What lessons will we learn from the Covid-19 crisis?
Photo by Stephen Andrews on Unsplash

What lessons will we learn from the Covid-19 crisis?

The global economic crisis originated by the coronavirus outbreak is evidence that the productive system upon which it is sustained is no longer working. Paradoxically, its own strengths have become its weaknesses.

The current crisis has become a wake-up call for international companies about the limitations of their way of managing supply chains. Fortunately, every crisis offers the opportunity to draw lessons for improvement. These are some of the lessons I would like to highlight:

Redundancy and diversification

The excessive dependence on a single country for the supply of final products and intermediate inputs has been one of the main causes of the crisis.

To redress this aspect, we could learn from the strategies adopted by the energy systems to ensure the supply of a continuous and quality energy flow in a sustainable way: mainly the diversification of energy generation sources and the development of local sources.

Biology, through genetic redundancy, shows us another good practice. During gene duplication, sometimes two identical copies of the same gene are generated. The second (redundant) gene often becomes inactive, without a specific function. However, in the event of an accident, this redundancy can ensure that information is not lost.

The importance of storage

Part of the vulnerability of supply chains has come from the excessive adoption of the just-in-time production system, rather than keeping warehouses stocked with a small but sufficient quantity of products and parts to deal with emergency situations.
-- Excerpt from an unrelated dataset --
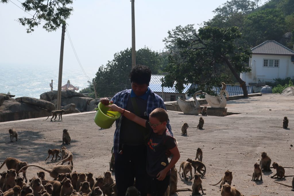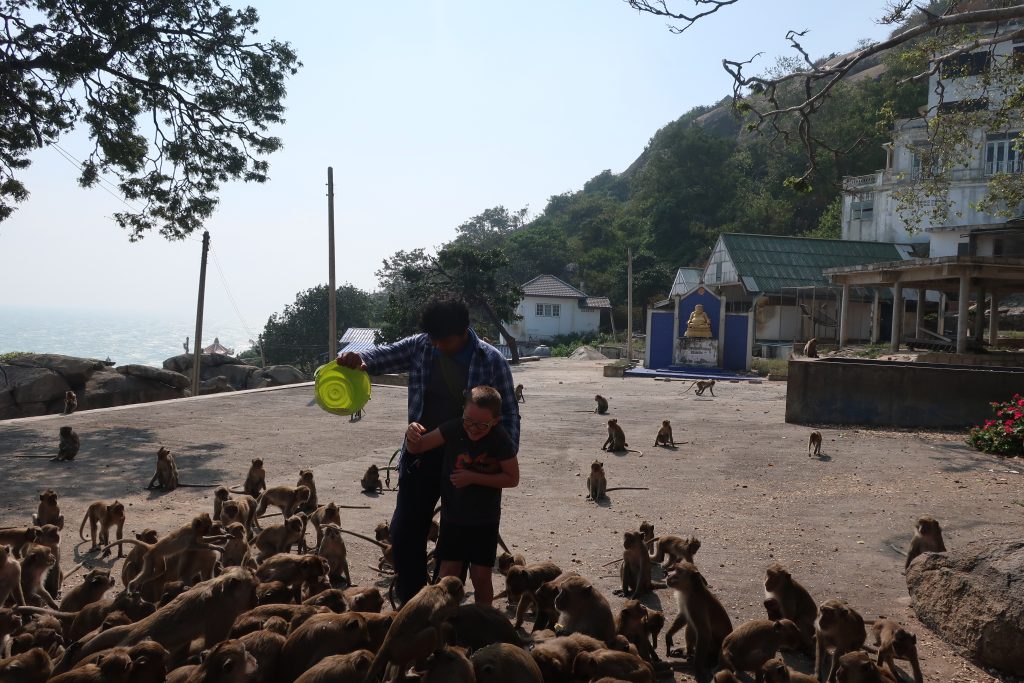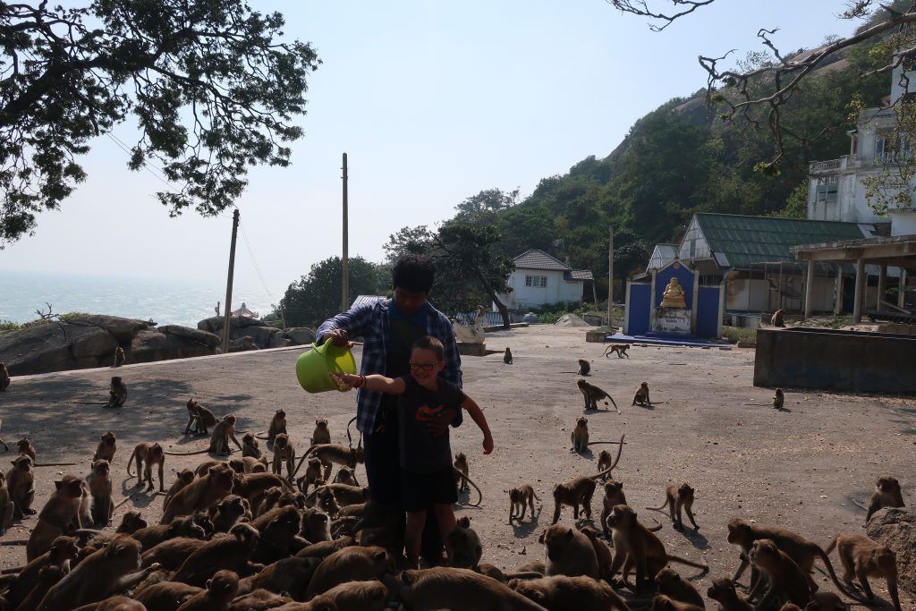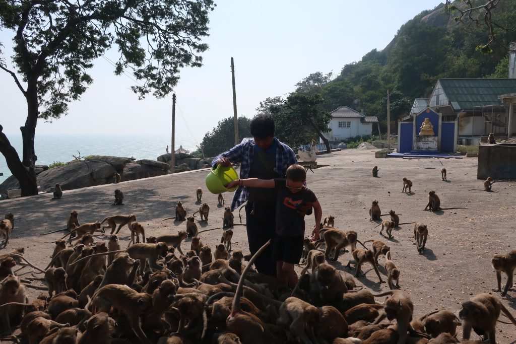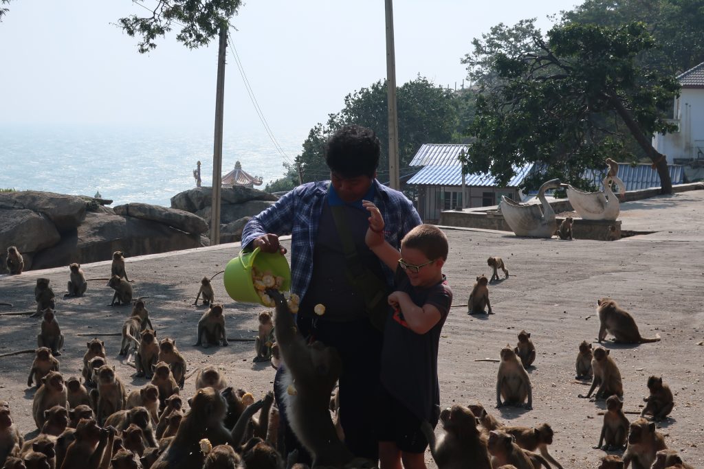 Daarna trekken we met z’n allen richting kust, om nog enkele dagen uit te waaien. We verblijven in een groot huis vlak bij het strand. Airco hebben we niet nodig, want er waait een fris windje. Naast de vele strandwandelingen, schelpjes zoeken en genieten van strandbars bezoeken we ook de vismarkt en de apentempel. De tempel staat op de top van een hoge rots vanwaar we een prachtig uitzicht hebben en het krioelt er van de apen. Ze verkopen ook eten dat je aan de aapjes mag geven. Daar kunnen we natuurlijk niet aan weerstaan! Kijk maar op de foto’s hoe Kiran geniet!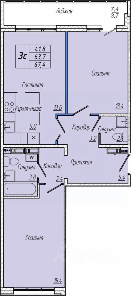 Общая площадь67,5 м²

In order to maximize profit margins and reduce costs, companies have dispensed with stocks. Confident that with the digitalization of their inventories they could adjust supply to demand to the millimeter, they didn’t consider the possibility of the disruption of supply chains and sales channels.

In the coming years, international companies will have to use the potential of digitalization to improve the efficiency of their stocks, ensuring supply without losing resources.

We don't have an Industry 4.0 yet

When we all marveled at how digitization was dematerializing the economy and production processes through artificial intelligence, virtual and augmented reality or additive manufacturing, the coronavirus crisis has shown that we still have a long way to go.

Thanks to digitalization, many workers have been able to continue their work from home and managers have been able to replace meetings with videoconferences. But let's not fool ourselves, this only reflects the reality of a very small fraction of the companies.

In the industrial sector, the physical presence of engineers and technicians in the factories continues to be essential to ensure the quality and proper functioning of the machines. Workers have specialist knowledge of particular production stages or product lines and their expertise cannot be easily replaced.

The collapse of production has shown us that the industry is still analogue. The time has come for digitalization to start moving down from offices to factories.

Just-in-time Monitoring

Finally, another striking aspect of the coronavirus crisis has been the continuous trickle of updated economic forecasts by international agencies such as the IMF, the WTO or the UNCTAD.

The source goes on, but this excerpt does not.